China never demanded the firing of NBA executive Daryl Morey, the foreign ministry has announced.

“The Chinese government has never raised these kinds of demands,” ministry spokesperson Gen Shuang told reporters in Beijing on Friday.

The foreign ministry’s statement follows NBA Commissioner Adam Silver’s claim Thursday night that the league was “being asked to fire [Morey] by the Chinese government, by the parties we dealt with, government and business.”

“We said there’s no chance that’s happening. There’s no chance we’ll even discipline him,” Silver said.

Morey sparked criticism from Chinese NBA fans in early October after tweeting, and then deleting, an image captioned “Fight for Freedom.
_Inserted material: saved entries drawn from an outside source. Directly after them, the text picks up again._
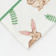 Destei’s watercolor pattern featuring a brown bunny with extra long ears and pink inside them is surrounded by green leaves and botanical foliage. The repeating design creates a woodland inspired look with natural tones and hand painted details. Perfect for a child’s nursery, the bunny illustration also brings a seasonal touch for Easter. A personalizable text area makes it ideal for adding a name, family name or custom message like Happy Easter.
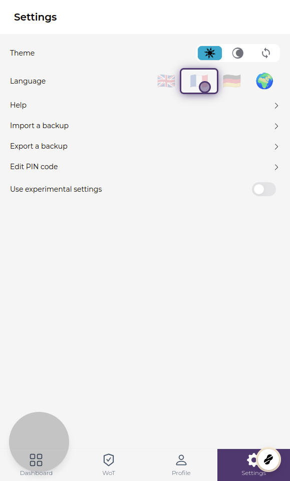 Par défaut l'application utilisera le thème (sombre/clair) définit par votre système. Vous pouvez forcer le mode sombre en cliquant sur la lune, ou le mode clair en cliquant sur le soleil.
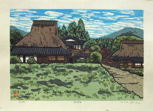 Peaceful rural "minka" (grass-thatched farm house) image. |
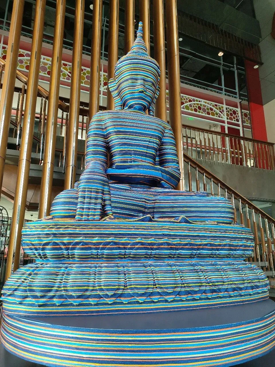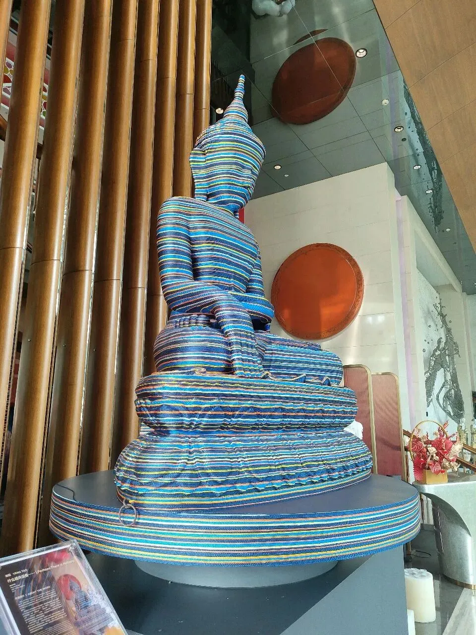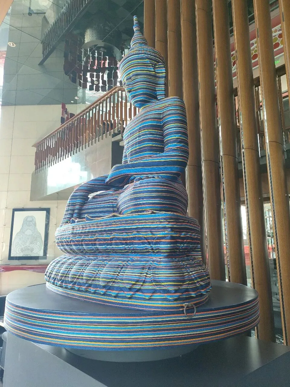 3. 材料的叙事性:彩色丝线不仅是包裹的材料,更成为一种时间的刻度。随着丝线的层层缠绕,佛像的轮廓逐渐模糊,象征着传统在当代语境下的被遮蔽与被重新发现。
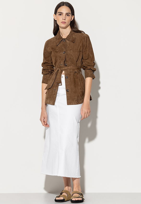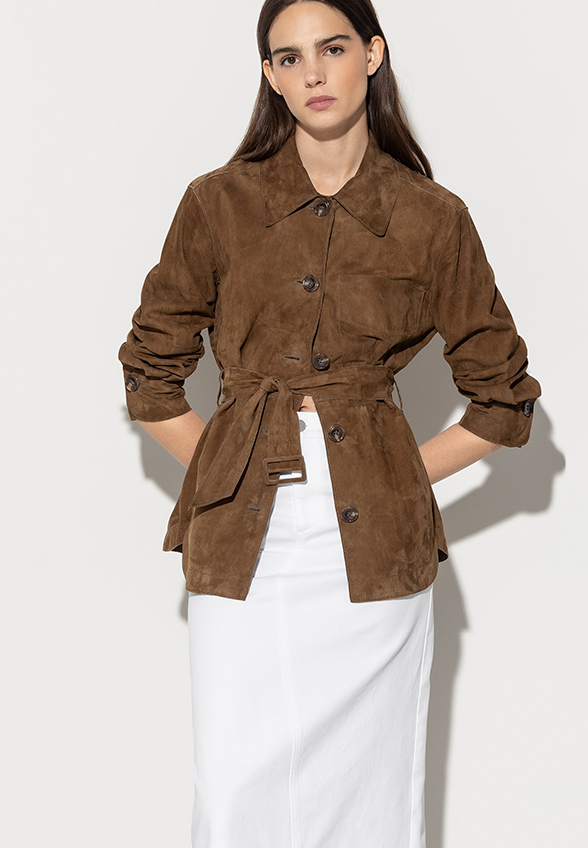 KURTKA ZAMSZOWA Z KOZIEJ SKÓRY BRĄZOWA

Stand with Hong Kong.” Chinese authorities, companies and fans saw the tweet as a case of interference in the country’s internal affairs, with the Rockets and the NBA subsequently losing local sponsors, and Chinese broadcasters deciding not to air a two-game exhibition tour by a pair of NBA teams.

In his comments Thursday, Silver said he wasn’t quite certain where the league will “go from here,” adding that “the financial consequences have been and may continue to be fairly dramatic.” Silver expressed regret for “upsetting” its “hundreds of millions” of fans in China, but argued that Morey’s tweet was an expression of free speech, which he said was one of the NBA’s “American values.”

The NBA’s growing popularity in China is said to net the franchise as much as $4 billion in annual revenues, comprising up to half of its total revenues of $8 billion in 2018.

Hong Kong has faced mass anti-government protests since early June, when the local government announced plans to adopt a bill allowing criminal suspects to be extradited to the mainland. The bill was eventually squashed, but protests have continued, with protesters now demanding amnesty for their actions during the protests, and protesting the introduction of another law which bans wearing face masks during protests and other public gatherings, which was partly prompted by China's decision to roll out AI facial recognition surveillance.

Western media coverage has presented the protests as a case of ‘pro-democracy protesters fighting China’s authoritarian government’. China has accused the West of ignoring the protesters’ anti-Chinese mainlander and anti-police violence, general vandalism and rioting, and has called for an end to interference in its internal affairs.

Hong Kong was formally transferred back to China in 1997 after 157 years of British rule, but is governed under the ‘One country, two systems’ constitutional principle formulated by Chinese leader Deng Xiaoping in the early 1980s. Under this system, Hong Kong has been allowed to retain its distinct economic, legal and administrative system.